| Directions for this task |
Restate the listing below exactly, images excluded.

| Information shown |
----------------

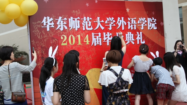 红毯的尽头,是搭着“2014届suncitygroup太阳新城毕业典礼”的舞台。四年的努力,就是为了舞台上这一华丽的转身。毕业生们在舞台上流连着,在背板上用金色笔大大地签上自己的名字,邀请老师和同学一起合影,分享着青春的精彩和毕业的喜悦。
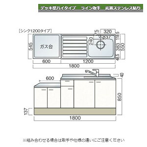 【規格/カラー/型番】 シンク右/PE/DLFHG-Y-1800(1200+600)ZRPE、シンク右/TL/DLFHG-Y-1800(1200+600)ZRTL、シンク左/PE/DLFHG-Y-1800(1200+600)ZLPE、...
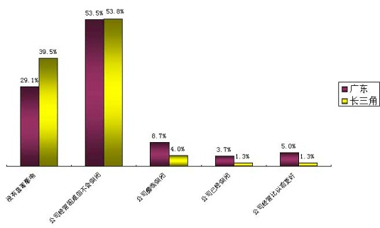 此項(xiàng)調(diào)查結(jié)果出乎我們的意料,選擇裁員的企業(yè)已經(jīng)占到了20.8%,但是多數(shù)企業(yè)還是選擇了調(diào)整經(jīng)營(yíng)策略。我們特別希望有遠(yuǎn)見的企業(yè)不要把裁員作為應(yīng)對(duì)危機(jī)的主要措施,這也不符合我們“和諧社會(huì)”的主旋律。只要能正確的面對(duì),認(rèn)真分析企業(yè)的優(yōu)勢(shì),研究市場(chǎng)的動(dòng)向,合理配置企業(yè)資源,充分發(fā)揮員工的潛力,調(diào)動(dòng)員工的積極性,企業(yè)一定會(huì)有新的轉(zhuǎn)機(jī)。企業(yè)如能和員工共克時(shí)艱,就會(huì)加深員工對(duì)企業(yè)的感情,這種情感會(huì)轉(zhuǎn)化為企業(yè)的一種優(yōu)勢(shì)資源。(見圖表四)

----------------

| Task answer |
 红毯的尽头,是搭着“2014届suncitygroup太阳新城毕业典礼”的舞台。四年的努力,就是为了舞台上这一华丽的转身。毕业生们在舞台上流连着,在背板上用金色笔大大地签上自己的名字,邀请老师和同学一起合影,分享着青春的精彩和毕业的喜悦。
 【規格/カラー/型番】 シンク右/PE/DLFHG-Y-1800(1200+600)ZRPE、シンク右/TL/DLFHG-Y-1800(1200+600)ZRTL、シンク左/PE/DLFHG-Y-1800(1200+600)ZLPE、...
 此項(xiàng)調(diào)查結(jié)果出乎我們的意料,選擇裁員的企業(yè)已經(jīng)占到了20.8%,但是多數(shù)企業(yè)還是選擇了調(diào)整經(jīng)營(yíng)策略。我們特別希望有遠(yuǎn)見的企業(yè)不要把裁員作為應(yīng)對(duì)危機(jī)的主要措施,這也不符合我們“和諧社會(huì)”的主旋律。只要能正確的面對(duì),認(rèn)真分析企業(yè)的優(yōu)勢(shì),研究市場(chǎng)的動(dòng)向,合理配置企業(yè)資源,充分發(fā)揮員工的潛力,調(diào)動(dòng)員工的積極性,企業(yè)一定會(huì)有新的轉(zhuǎn)機(jī)。企業(yè)如能和員工共克時(shí)艱,就會(huì)加深員工對(duì)企業(yè)的感情,這種情感會(huì)轉(zhuǎn)化為企業(yè)的一種優(yōu)勢(shì)資源。(見圖表四)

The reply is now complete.